[[ Given records open ]]

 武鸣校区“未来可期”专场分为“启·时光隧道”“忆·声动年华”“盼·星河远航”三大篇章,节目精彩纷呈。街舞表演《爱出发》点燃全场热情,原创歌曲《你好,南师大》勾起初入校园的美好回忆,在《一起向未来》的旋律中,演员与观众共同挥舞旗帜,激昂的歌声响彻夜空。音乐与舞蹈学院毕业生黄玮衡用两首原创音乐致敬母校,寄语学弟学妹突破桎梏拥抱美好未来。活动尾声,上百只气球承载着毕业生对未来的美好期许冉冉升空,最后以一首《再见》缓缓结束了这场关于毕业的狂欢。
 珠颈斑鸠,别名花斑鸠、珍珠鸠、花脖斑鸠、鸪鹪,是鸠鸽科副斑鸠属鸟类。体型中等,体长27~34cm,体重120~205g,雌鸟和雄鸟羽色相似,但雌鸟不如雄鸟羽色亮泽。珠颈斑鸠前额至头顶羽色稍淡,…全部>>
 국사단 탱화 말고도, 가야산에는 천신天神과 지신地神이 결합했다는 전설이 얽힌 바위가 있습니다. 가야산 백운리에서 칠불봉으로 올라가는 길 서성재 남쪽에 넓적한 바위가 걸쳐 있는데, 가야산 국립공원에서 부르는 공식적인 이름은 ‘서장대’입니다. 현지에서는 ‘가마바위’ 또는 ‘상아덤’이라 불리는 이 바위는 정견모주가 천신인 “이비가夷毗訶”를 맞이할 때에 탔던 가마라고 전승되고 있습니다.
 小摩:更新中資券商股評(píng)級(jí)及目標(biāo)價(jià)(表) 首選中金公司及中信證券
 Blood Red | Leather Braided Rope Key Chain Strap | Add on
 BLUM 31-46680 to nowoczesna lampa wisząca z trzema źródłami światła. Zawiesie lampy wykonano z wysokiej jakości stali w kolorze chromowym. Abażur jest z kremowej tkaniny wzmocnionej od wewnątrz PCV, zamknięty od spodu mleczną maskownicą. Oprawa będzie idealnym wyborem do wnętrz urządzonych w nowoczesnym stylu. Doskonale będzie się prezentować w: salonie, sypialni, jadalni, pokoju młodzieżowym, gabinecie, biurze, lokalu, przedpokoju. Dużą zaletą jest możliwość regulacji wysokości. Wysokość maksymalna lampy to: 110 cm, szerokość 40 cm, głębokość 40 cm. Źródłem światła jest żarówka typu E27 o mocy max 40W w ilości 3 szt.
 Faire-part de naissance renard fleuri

[[ Given records closed ]]

The first line of the entries above marks where to begin; repeat each line exactly through the one that contains "珠颈斑鸠,别名花斑鸠、珍珠鸠", and include that line.

 武鸣校区“未来可期”专场分为“启·时光隧道”“忆·声动年华”“盼·星河远航”三大篇章,节目精彩纷呈。街舞表演《爱出发》点燃全场热情,原创歌曲《你好,南师大》勾起初入校园的美好回忆,在《一起向未来》的旋律中,演员与观众共同挥舞旗帜,激昂的歌声响彻夜空。音乐与舞蹈学院毕业生黄玮衡用两首原创音乐致敬母校,寄语学弟学妹突破桎梏拥抱美好未来。活动尾声,上百只气球承载着毕业生对未来的美好期许冉冉升空,最后以一首《再见》缓缓结束了这场关于毕业的狂欢。
 珠颈斑鸠,别名花斑鸠、珍珠鸠、花脖斑鸠、鸪鹪,是鸠鸽科副斑鸠属鸟类。体型中等,体长27~34cm,体重120~205g,雌鸟和雄鸟羽色相似,但雌鸟不如雄鸟羽色亮泽。珠颈斑鸠前额至头顶羽色稍淡,…全部>>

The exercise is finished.